Exploring categorical features with various encodings and models

Primary LanguageJupyter NotebookGNU General Public License v2.0GPL-2.0

Blog_gnn_naics

A project exploring categorical feature encodings/embeddings, especially with graph neural networks techniques.

Table data is in the top level in the "tables.xlsx" document.

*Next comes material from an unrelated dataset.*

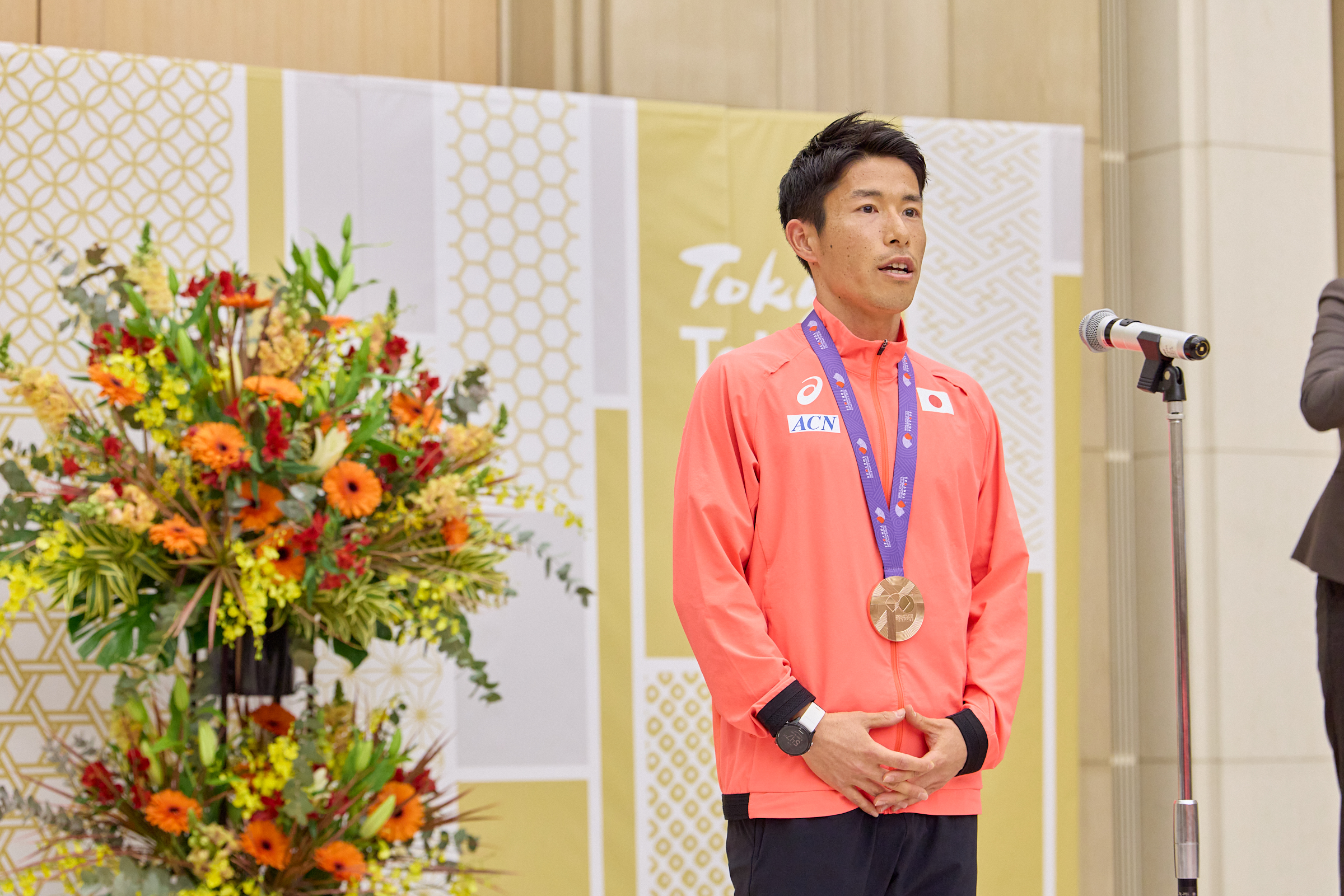 世界陸上にて日本唯一のメダルを獲得した競歩。勝木隼人選手は「この賞を受賞できたのは、東京都という素晴らしい場所で開催されたこと、都民をはじめとする多くの方々の後押し、そして支えがあったからだと思っています」と感謝の言葉を届けました。

Code is at the top level; notebooks would run in order. Metrics are collected and summarized in 80_perf_summary.ipynb.

Running Code

First, download the SBA Loans Dataset from Kaggle.

Then, change setup.py

  • Make input_path point to the SBA Loans dataset on your system
  • temp_path should point to a writeable directory on your system

See the subdirectory A_target_count_encoding

Hardware and GPUs

Everything runs on my home hardware (Mac Book Air). GNN methods use Stellargraph, which requires certain Python versions; I use 3.8.18.

Stellargraph uses keras/tensorflow. Here are some relevant package versions

  • keras 2.15.0
  • networkx 3.1
  • tensorflow 2.15.0
  • tensorflow-macos 2.15.0 (mac users only)
  • tensorflow-metal 1.1.0 (mac users only)
  • xgboost 1.7.5

The full pip list output is also in the top level of this repository.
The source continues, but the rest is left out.